Rory D’Lasnow will be around for many years to come. Nearly every aspect of his new release Songs from an Empty Room checks off the boxes you look for in musicians and songwriters with genuine staying power. The five songs reach a level of universality all but assuring a vast array of music listeners will relate to the songs yet never feel like anything less than an intensely personal statement. It’s rather jaw-dropping to note how far D’Lasnow’s songwriting has progressed in a relatively short amount of time but all the more impressive is how he doesn’t sacrifice a shred of his integrity getting there.
You can hear his live potential on the EP’s later tracks, but the opener “Where You Belong” will play well for live audiences. Much of the reason behind this is because of the straight-forward instrumentation defining each of the EP’s five songs; D’Lasnow never weighs the songs down with needless bloat. I love how he threads guitar into this song without the playing ever falling into cliché and his skill crafting memorable but never particularly intricate melodies helps bring his music to further life.
The second song “Forgotten” makes great use of atmosphere without ever risking melodramatics. Much of the success behind efforts such as this can be lain at the feet of his voice; he doesn’t have great technical range, but his ability embodying emotion in his singing is superlative. He dials up the musical pyrotechnics for this song in an intelligent and considered fashion; there’s never any feeling of him rushing this track. EP’s are, by nature, condensed artistic statements, but D’Lasnow has a relaxed confidence throughout the five tracks.

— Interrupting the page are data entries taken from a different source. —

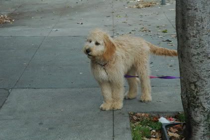 The place was small, with exposed brick walls, wooden tables and chairs as well as booth seating (I did not try the outdoor patio, but it would be a nice place to while away an afternoon) and a loft office reached by a slender and curling iron staircase. I settled in comfortably and was warmly greeted by a nice waitress. My breakfast consisted of a large and excellent bowl of cafe latte, paired with a lovely omelette that contained warm sausage and the freshest of tomatoes. The potatoes accompanying my omelette were convincingly "garlic roasted," as the browned garlic pieces were actually served with the potatoes. Feeling sated, I paid the bill (also learning from a note that accompanied the bill that the waitress was giving all of her tips to the week to benefit victims of Hurricane Katrina) and ventured back into the world, but not before greeting a friendly dog tethered to a tree outside:
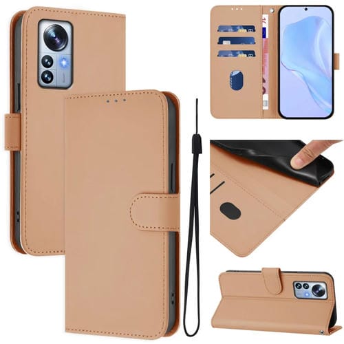 Funda de Piel Sintética con Cordón para Xiaomi 12S Pro/12 Pro (Color Piel)
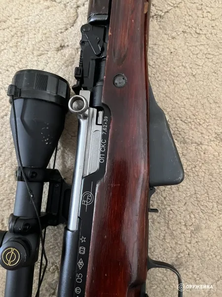 Карабин ОП СКС 7,62х39 в хорошем состоянии с минимальным настрелялом, не более 20 выстрелов 1954 г в в комплекте с быстросъёмный прицелом SIMMONS. Небольшие дефекты на прикладе остались от магазина продаж. Без лицензии просьба не беспокоить! Продажа через разрешительный отдел в Москве.
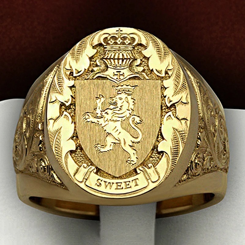 Корона Льва щит значок кольцо Европа и Америка позолоченный королевский...
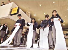 طلبة وطالبات ثانوي بوليفيون خلال إعدادهم رسالة طولها 20 كيلومتراً ليتم إرسالها إلى الأمين العام للأمم المتحدة كوفي عنان من أحد مكاتب البريد في العاصمة البوليفية لاباز. وتطالب تلك الرسالة الأمين العام لمساعدة بوليفيا على استرداد جزء من سواحلها التي استولت عليها تشيلي خلال حرب الباسيفيك قبل 125 عاماً. (الصورة من رويترز)........
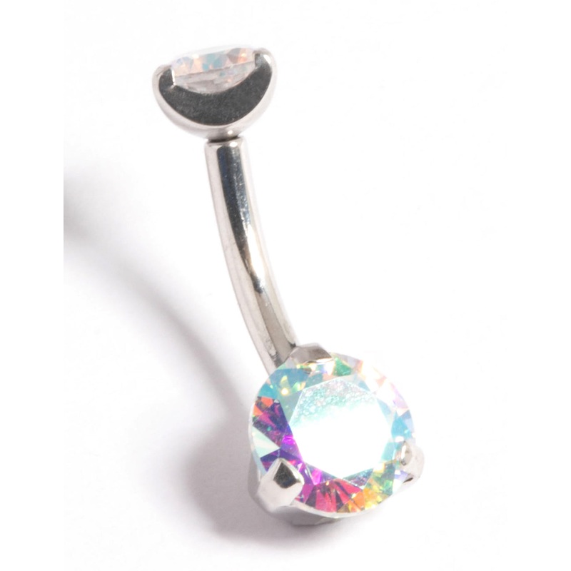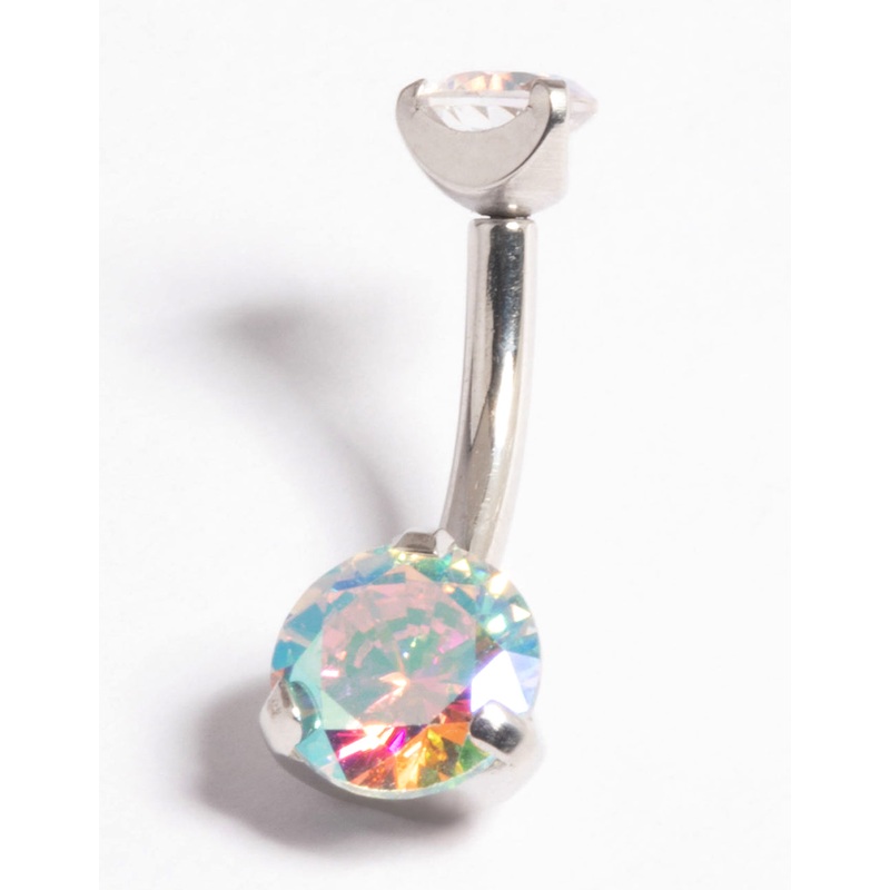 Platinum Plated Titanium Threadless Iridescent Belly Bar
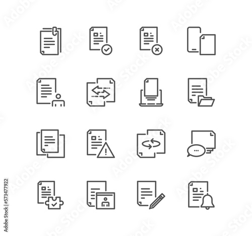 Set of documents and paperwork icons, office work, document flow, contract, file folder and linear variety vectors.
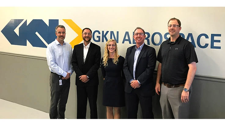 Signing celebration between GF Machining Solutions LLC and GKN Aerospace. Left to right: Martin Thorden, general manager and vice president, GKN Aerospace Engine Systems New England; Philipp Hauser, head of Turbine Group – Liechti, GF Machining Solutions LLC; Jennifer Riley, supply chain director, GKN Aerospace Engine Systems New England; Mike Costello, sales manager North America / Turbine Group – Liechti, GF Machining Solutions LLC; Jon Ford, director of engineering, GKN Aerospace Engine Systems New England.
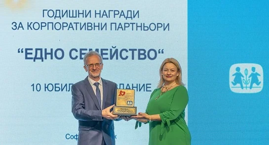 Виолина Маринова, главен изпълнителен директор на банката получи наградата в първото издание на годишните награди на организацията „Едно семейство“
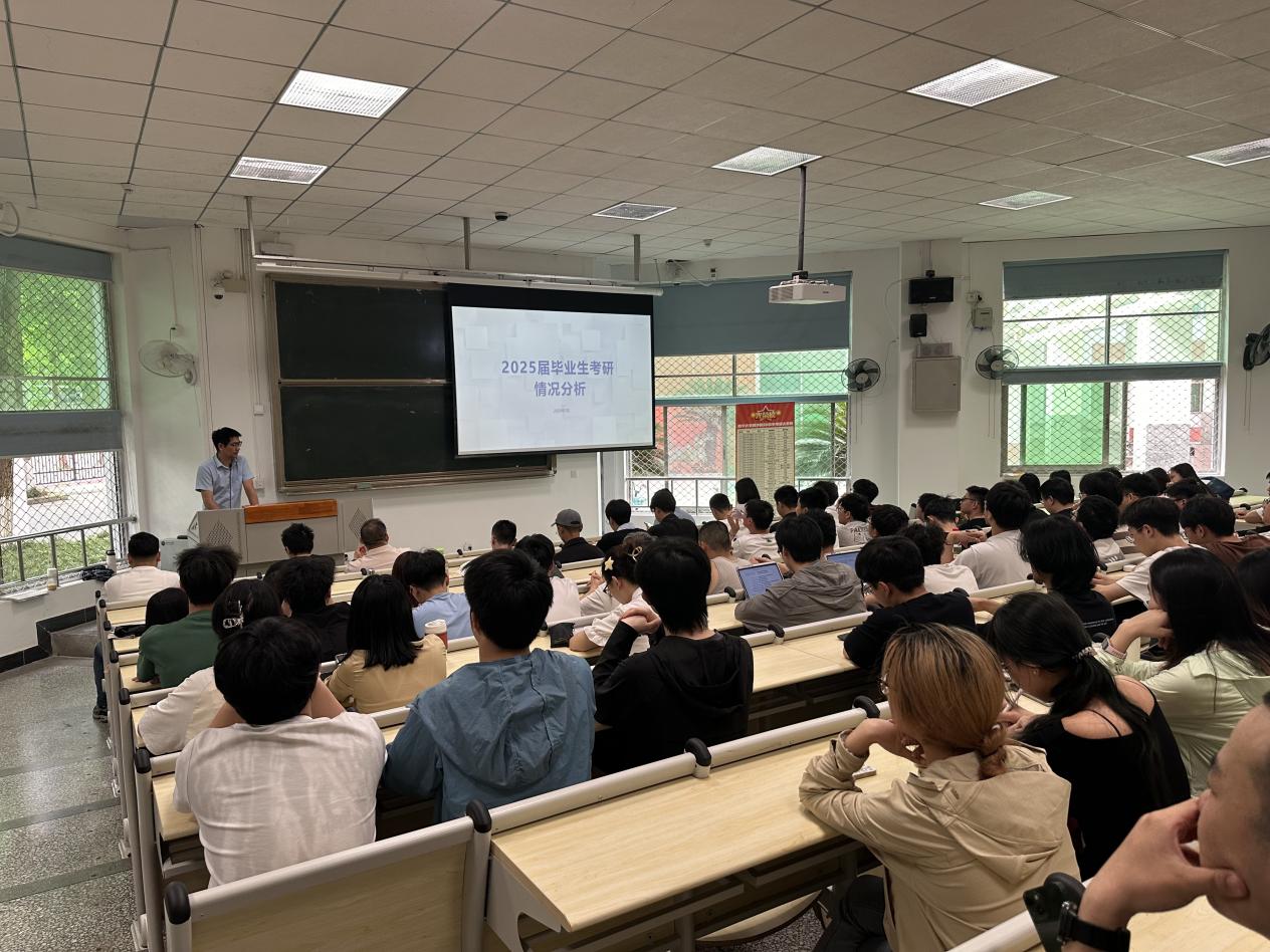 会议伊始,周川副书记通过详实的数据向同学们展示了理学院近几年的考研情况。他结合应用物理学专业的考研录取率、一志愿和调剂录取率以及实际案例,深入浅出地分析了应用物理学专业的考研去向,让同学们对考研形势有了清晰的认识。
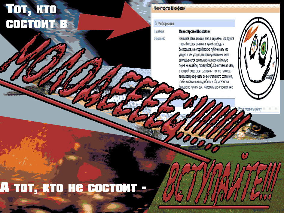 | Описание: | Не ищите здесь смысла. Нет, я серьёзно. Эта группа - одна большая анархия с кучей свободы и беспорядка, в которой можно публиковать что угодно и как угодно, но преимущественно сюда выкладывается бессмысленная ахинея (только порна не кидайте, пожалуйста). Единственная цель, с которой сюда стоит заходить - так это наконец-таки додеградировать до вегетативного состояния, чтобы никакие школы, работы и обязательства больше не мучали вас. Малосольные огурчики уже бегут. |

“I Won’t Do Anything”, Songs from an Empty Room’s midway point, is one of the key songs recorded for this release. It serves as a stylistic bridge between the lighter theatrics of the first two songs and the rougher textures creeping into its concluding duo without ever sticking out like a sore thumb. The tense and wiry guitar work throughout the cut is one of its musical highlights, but D’Lasnow sings his ass off as well.
“Power of My Love” hits harder than any other song. This isn’t some all-out rocker but there’s no question D’Lasnow pushes more here than anywhere else. The drumming really ratchets up the drama without overpowering other aspects of the tune and the recording captures each player with clarity and physicality. He turns in an acoustic direction for the closing curtain. “Happy” features some lyrical harmonica playing. It’s an instrument that immediately makes listeners think blues and D’Lasnow’s song doesn’t run away from those connections. It ends Songs from an Empty Room on a low-key note.
It’s a worthwhile release. It’s hard to be specific about where Rory D’Lasnow’s talents stand at this point, but there’s no doubt that he’s far ahead of many contemporaries. Each of the EP’s five songs have something different to offer listeners and I’m more than satisfied by what the New Jersey songwriter has done here.